*** Block opens ***

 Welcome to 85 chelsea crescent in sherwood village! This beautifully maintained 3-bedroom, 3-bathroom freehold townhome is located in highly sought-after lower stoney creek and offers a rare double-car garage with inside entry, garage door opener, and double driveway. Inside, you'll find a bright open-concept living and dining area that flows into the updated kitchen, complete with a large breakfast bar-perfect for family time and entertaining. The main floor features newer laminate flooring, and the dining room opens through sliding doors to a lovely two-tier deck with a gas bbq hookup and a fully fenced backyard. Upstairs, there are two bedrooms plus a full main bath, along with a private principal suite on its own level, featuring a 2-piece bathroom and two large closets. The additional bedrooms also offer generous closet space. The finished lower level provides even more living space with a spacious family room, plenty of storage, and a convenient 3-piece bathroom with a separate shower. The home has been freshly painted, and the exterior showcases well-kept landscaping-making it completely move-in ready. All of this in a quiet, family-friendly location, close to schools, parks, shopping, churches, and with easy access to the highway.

*** Block closes ***
*** Block opens ***

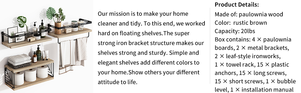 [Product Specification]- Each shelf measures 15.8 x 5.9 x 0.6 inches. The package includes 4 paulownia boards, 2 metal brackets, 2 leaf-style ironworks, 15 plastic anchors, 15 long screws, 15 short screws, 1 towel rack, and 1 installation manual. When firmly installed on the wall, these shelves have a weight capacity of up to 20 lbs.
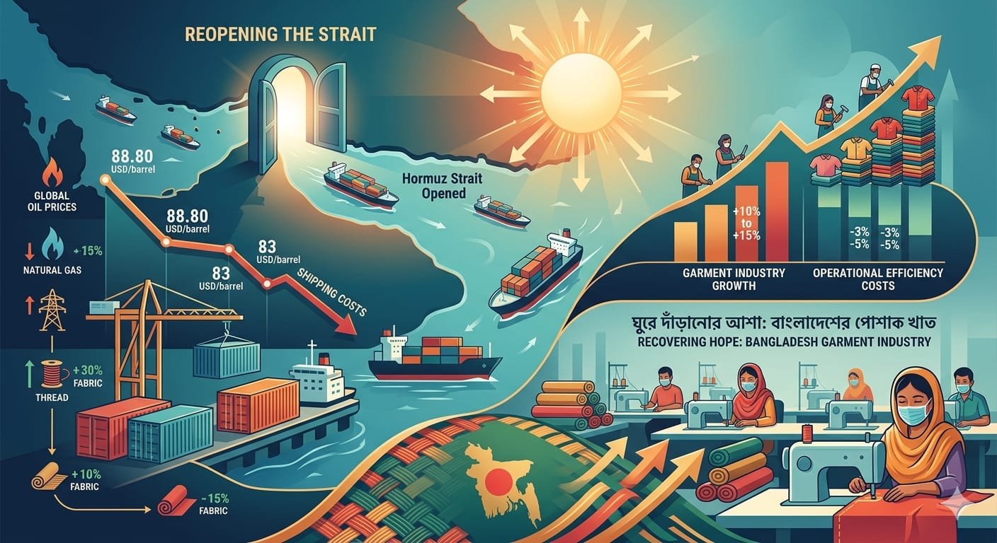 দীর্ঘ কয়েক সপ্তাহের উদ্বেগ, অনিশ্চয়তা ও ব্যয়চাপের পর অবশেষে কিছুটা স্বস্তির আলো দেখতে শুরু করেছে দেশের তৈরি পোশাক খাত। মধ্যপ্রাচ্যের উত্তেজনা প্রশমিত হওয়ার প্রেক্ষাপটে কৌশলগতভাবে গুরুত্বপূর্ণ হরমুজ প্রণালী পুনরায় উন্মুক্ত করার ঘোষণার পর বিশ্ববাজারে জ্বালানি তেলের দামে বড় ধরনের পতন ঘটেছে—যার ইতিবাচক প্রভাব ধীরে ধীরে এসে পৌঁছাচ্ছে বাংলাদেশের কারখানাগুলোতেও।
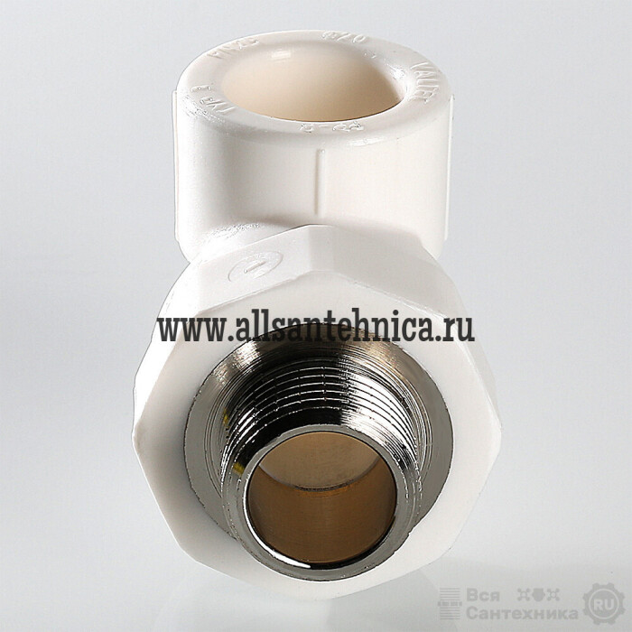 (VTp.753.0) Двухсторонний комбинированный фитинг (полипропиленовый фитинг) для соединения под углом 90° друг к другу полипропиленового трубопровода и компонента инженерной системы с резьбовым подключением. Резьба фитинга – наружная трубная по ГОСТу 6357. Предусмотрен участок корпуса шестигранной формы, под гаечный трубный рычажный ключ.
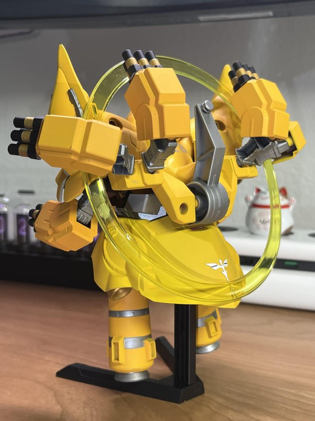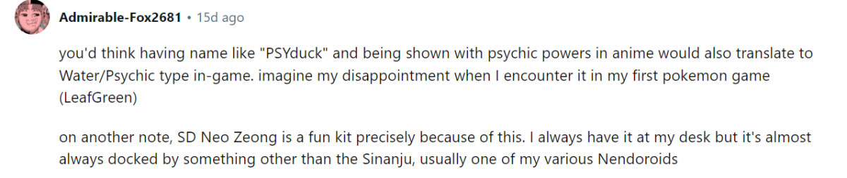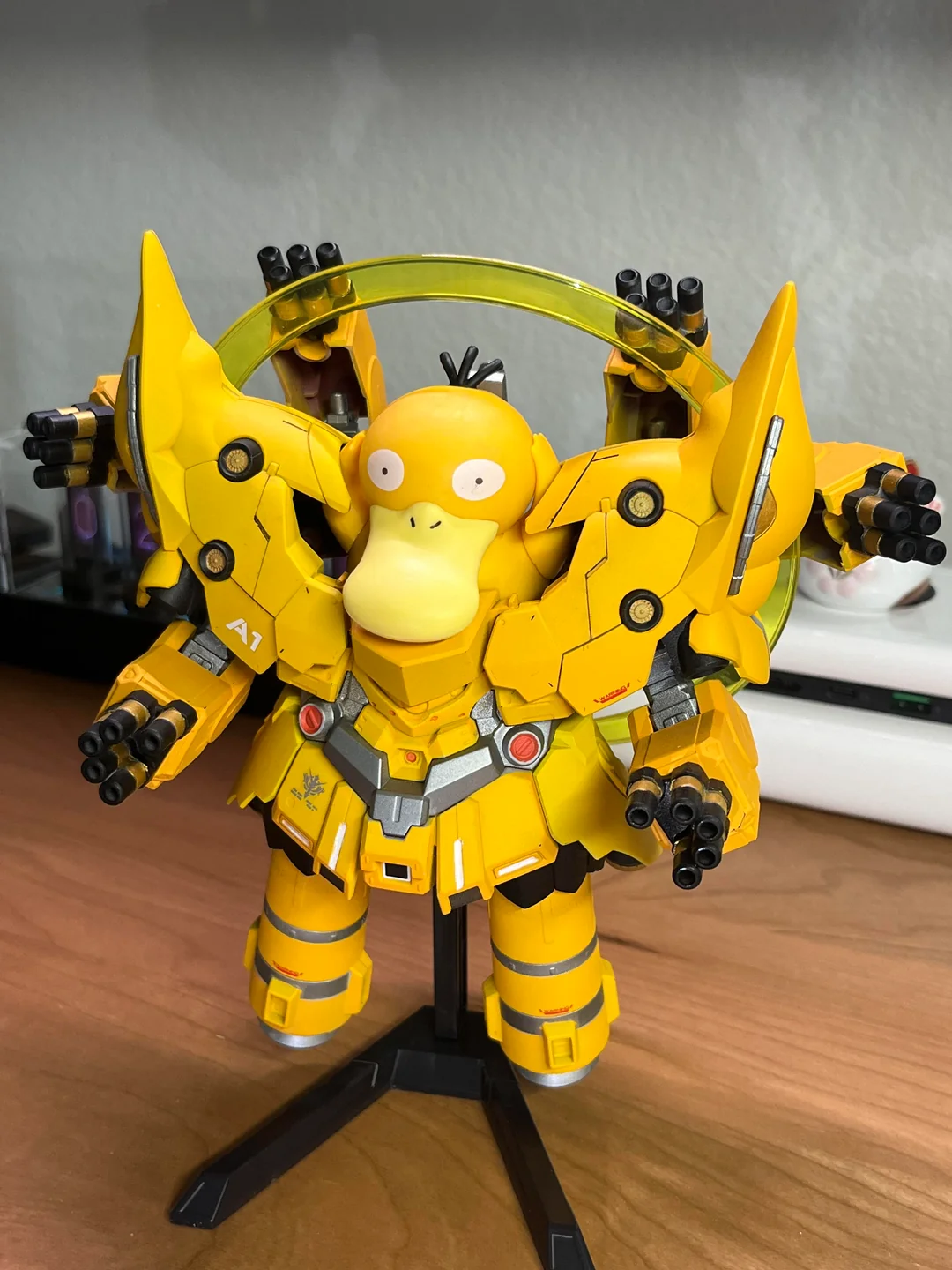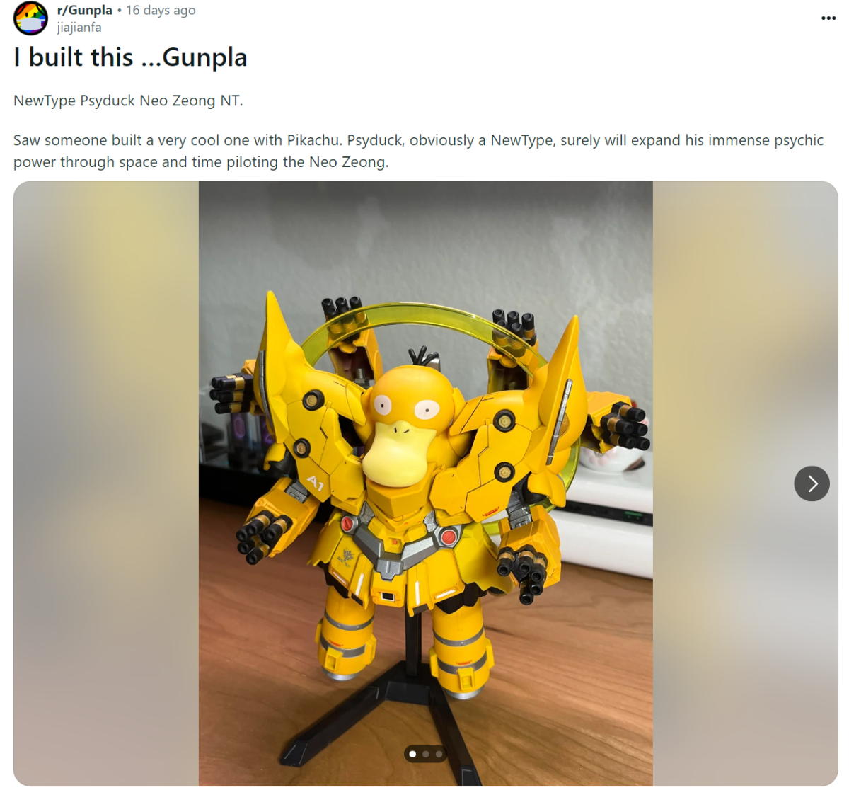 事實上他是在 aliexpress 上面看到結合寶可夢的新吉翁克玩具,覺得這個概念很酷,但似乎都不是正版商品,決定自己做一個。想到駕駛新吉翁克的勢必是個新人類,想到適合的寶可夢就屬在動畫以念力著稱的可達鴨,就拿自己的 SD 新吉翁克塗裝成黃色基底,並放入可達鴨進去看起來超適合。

*** Block closes ***

Your answer must be the lines above from the one holding "[Product Specification]- Each" up to and including the one holding "দীর্ঘ কয়েক সপ্তাহের", exact and with no pictures.

 [Product Specification]- Each shelf measures 15.8 x 5.9 x 0.6 inches. The package includes 4 paulownia boards, 2 metal brackets, 2 leaf-style ironworks, 15 plastic anchors, 15 long screws, 15 short screws, 1 towel rack, and 1 installation manual. When firmly installed on the wall, these shelves have a weight capacity of up to 20 lbs.
 দীর্ঘ কয়েক সপ্তাহের উদ্বেগ, অনিশ্চয়তা ও ব্যয়চাপের পর অবশেষে কিছুটা স্বস্তির আলো দেখতে শুরু করেছে দেশের তৈরি পোশাক খাত। মধ্যপ্রাচ্যের উত্তেজনা প্রশমিত হওয়ার প্রেক্ষাপটে কৌশলগতভাবে গুরুত্বপূর্ণ হরমুজ প্রণালী পুনরায় উন্মুক্ত করার ঘোষণার পর বিশ্ববাজারে জ্বালানি তেলের দামে বড় ধরনের পতন ঘটেছে—যার ইতিবাচক প্রভাব ধীরে ধীরে এসে পৌঁছাচ্ছে বাংলাদেশের কারখানাগুলোতেও।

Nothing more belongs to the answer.